Of course, we need to prove that both definitions (recursive and non-recursive) are equivalent. Formally, we will prove the equivalence of definitions of all gray codes $0 \le x < 2^i$ by induction for all $i$:

**Induction base**: ($i \in \{1, 2\}$) Both definitions are equivalent for the first 4 gray codes.
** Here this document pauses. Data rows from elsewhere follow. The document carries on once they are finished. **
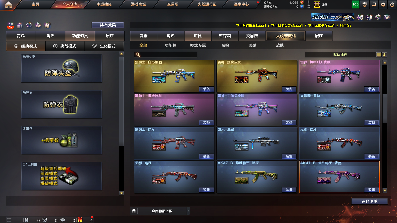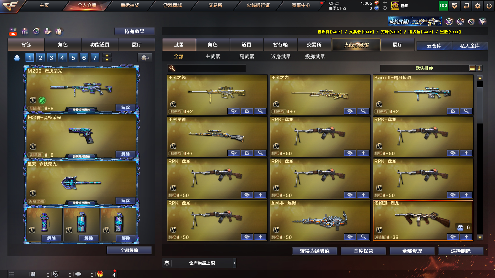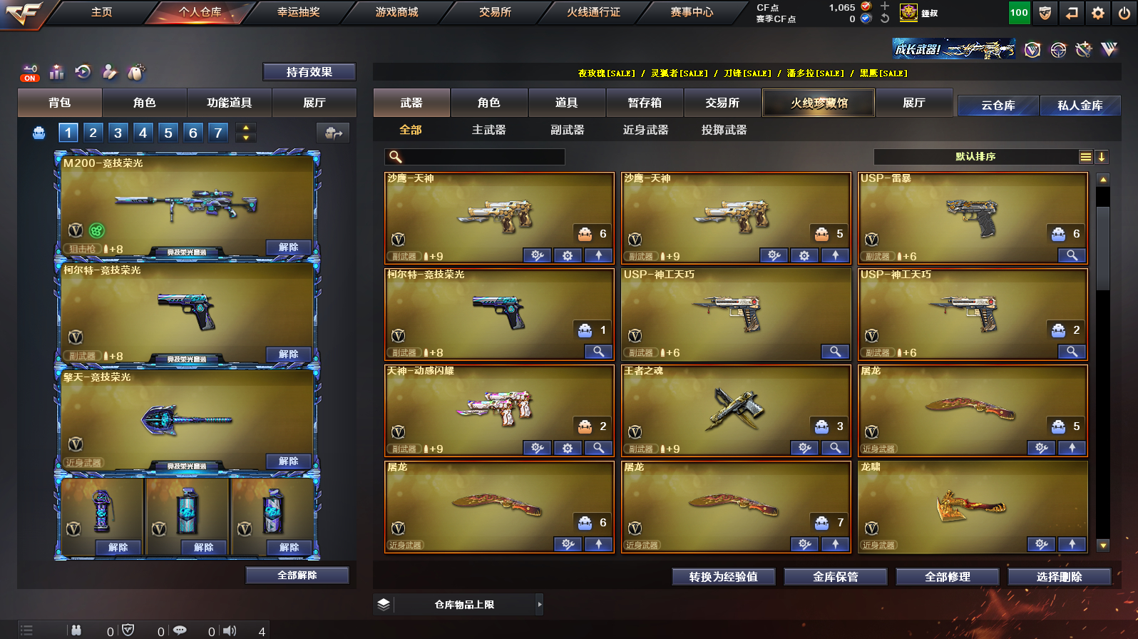 《m200幻神+幻神音效卡》《王者星神》《竞技荣光》《裁决》《王者之力》《王者之怒》《usp雷暴 柯尔特荣耀荣光 usp神工天巧》《白虎电玩蓝兔》《朱雀》《青龙》《雷霆套》《m4雷霆》《竞技荣光套》《qbz金色蔷薇》《王者之心/影/魄/势》《毁灭》《死神》《火麒麟雷神》《火麒麟》《雷神》《黑龙》《黑骑士》《6盘龙6烈龙》《毁灭征服者》《激光毁灭者》《神圣爆裂者》《火麒麟灵狐 王者barrett英勇金戈 斯泰尔蝴蝶》《云悠悠 晴雅 魅影 乔伊教练满配 王者玲珑小乔 王者涂鸦 职业选手》《qbz金色蔷薇音效卡 毁灭音效卡 黑骑士音效卡 雷神音效卡 火麒麟音效卡》《雷神烈虎 黑骑士白马银呛 黑骑士摸金校尉 雷神机甲刑天 雷神宇航兔 火麒麟ag战队皮 金色蔷薇呛娘阿敏》a背包套装扩展券《永久ac 永久工具钳 永久手雷包》;USP-雷暴,电竞教官-云悠悠,晴雅,RPK-盘龙,QBZ03-金色蔷薇,M200-幻神,
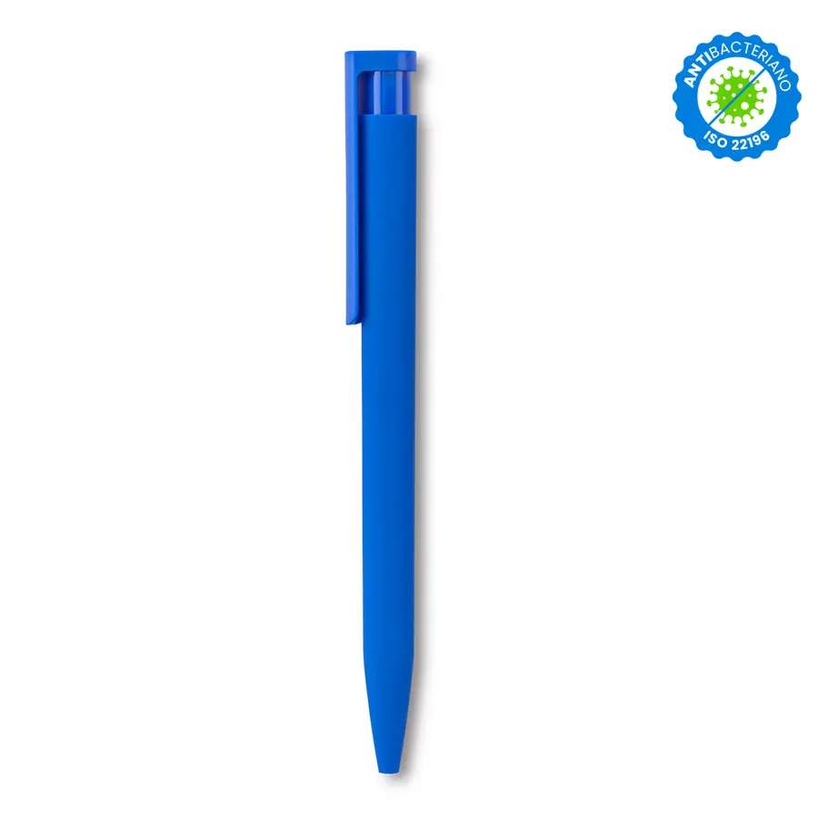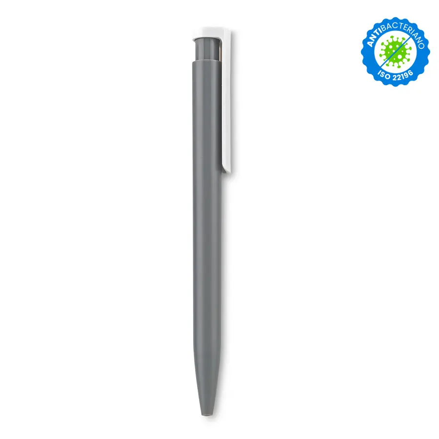 Bolígrafo plástico fabricado con un aditivo antibacteriano que inhibe y previene el crecimiento bacteriano sobre el cuerpo del bolígrafo gracias a la tecnología nano silver, un tratamiento especial realizado con iones de plata. Las bacterias al contacto con el bolígrafo se repelen y reducen hasta en 99%. Trabaja las 24 horas al día y permanece libre de microbios y bacterias. Mecanismo Push.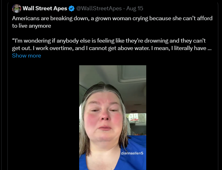 Đoạn video do "diannaallen5" thực hiện cho TikTok đã được @WallStreetApes chia sẻ trên X với 1 triệu người theo dõi X, viết rằng: "Người Mỹ đang suy sụp, một người phụ nữ trưởng thành đang khóc vì không đủ khả năng để sống nữa."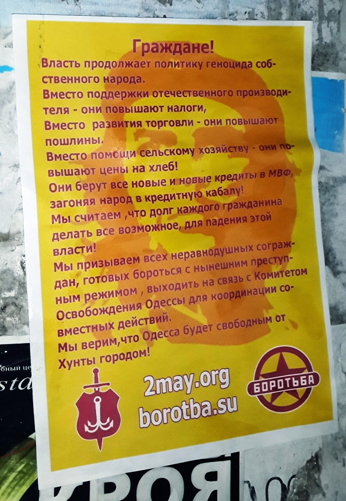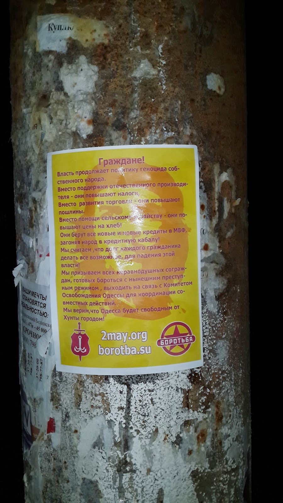 Posted on April 29, 2015 by allpowertothesoviets Despite the mass arrests Odessans are still struggling! On the evening of April 29, the city was plastered with leaflets calling for the overthrow of the current regime: Share this: Share on X (Opens in new window) X Share on Facebook (Opens in new window) Facebook Like Loading... Related

**Induction step**: ($i \rightarrow i + 1$):

- $B_i$ is part of $B_{i+1}$, so we only need to prove that the definitions for gray codes for $2^i \le x \le 2^{i+1} - 1$ from the second part of $B_{i+1}$ are equivalent.
- Let $x = x_i, \dots, x_0$. As $B_{i+1}$ defines first $2^{i+1}$ gray codes, it follows that $x_i = 1$ (this fact is clearly seen on the illustrations above — the leading ones are marked with orange).
- By the symmetry theorem, we know that the gray code of $x$ is equal to the gray code of $x - 2^i$ with the first bit flipped and 1 prepended. On the other hand, by the first definition of gray codes and because of $B_{i+1}$ defining $2^{i+1}$ gray codes, the gray code for $x$ is also equal to the gray code of $x - 2^i$ with the first bit flipped because $g_{i-1} = x_{i-1} \oplus x_i = x_{i-1} \oplus 1$ and 1 prepended (see above). By induction hypothesis, both definitions for $x - 2^i$ were equivalent, so the definitions are equivalent for $x$.